“Evil Must Be Opposed. Good Would Triumph.”

You can feel deep sympathy for the parents, wife and children of the late Atlantic journalist Michael Kelly, who was the first member of the press to be killed covering the Iraq war, and still be critical of the wrongheadedness he displayed which led not only to his demise but also contributed to the death of tens of thousands of other human beings. Like many pundits and politicians, Kelly, in the wake of 9/11, developed a blind spot–a lethal one. Unless we figure out why that happened, why so many otherwise smart people became dumb at a really bad moment, it will happen again.

In a provocative Gawker post, “A Stupid Death in a Stupid War,” Tom Scocca examines Kelly’s thought process in the run-up to the invasion, ten years after his death as an embed. An excerpt:

“People who supported the invasion of Iraq and now regret the results tend to say that it was a good idea that was badly planned or poorly managed. Yet there was no idea but the planning and management of it. The decision to invade was not a change of principles, a repudiation of mushy-headed pacifism and appeasement; it was a change of strategy.

Even that gives it too much credit. It was half a change of strategy, really: regime change with nothing to change it to; an invasionary force without a plan for occupation; an open-ended commitment of military personnel by a nation too politically cowardly to draft enough bodies to do the job. Thousands of reservists and National Guard troops found themselves serving multiple tours abroad, trapped in what Kelly had envisioned as ‘total limited war…brutally effective in its killing power while being miserly of American life and property.’

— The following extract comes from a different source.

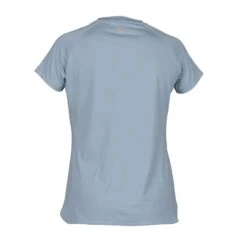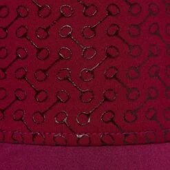 This chic and feminine show shirt is made of elastic, breathable and moisture wicking technical fabric. It has short sleeves, a tab collar, and a button placket. The buttons are decorated with crystals, and there is decorative embroidery on the front, back, and sleeves. The mesh shoulder insets assure breathability.

‘You go to war with the army you have, not the army you might want or wish to have at a later time,’ Donald Rumsfeld said, thereby sparing Kelly and Andrew Sullivan and everyone else in the press from the shame of having said the single most fatuous and destructive thing about the invasion of Iraq. It is hard to find a shorter, clearer description of how wars are not won. The United States did not attack Berlin or Tokyo with the army it had in December of 1941. The U.S. Navy did not sail up the Thames in 1812. You fight the battles you can win with the army you have.

That Kelly was brave in going to cover the combat does not change the fact that he chose to be bold with other people’s lives. It was time to do something about Iraq—’to turn, as swimmers into cleanness leaping,’ as Rupert Brooke wrote in 1914, in a sonnet celebrating the chance to go fight the Great War. A year later, Brooke died of an infected mosquito bite on a troop ship, taking his place among the 16 million corpses.

The premise of Kelly’s argument for invasion was that escalating the war, carrying it to Baghdad on the ground, would settle the problems ‘easily and quickly.’ Like his fellow poets, Sullivan and Christopher Hitchens, he presented his romantic vision as clear-eyed advice. Evil must be opposed. Good would triumph. Anyone who disagreed was benighted, mistaken, immoral.”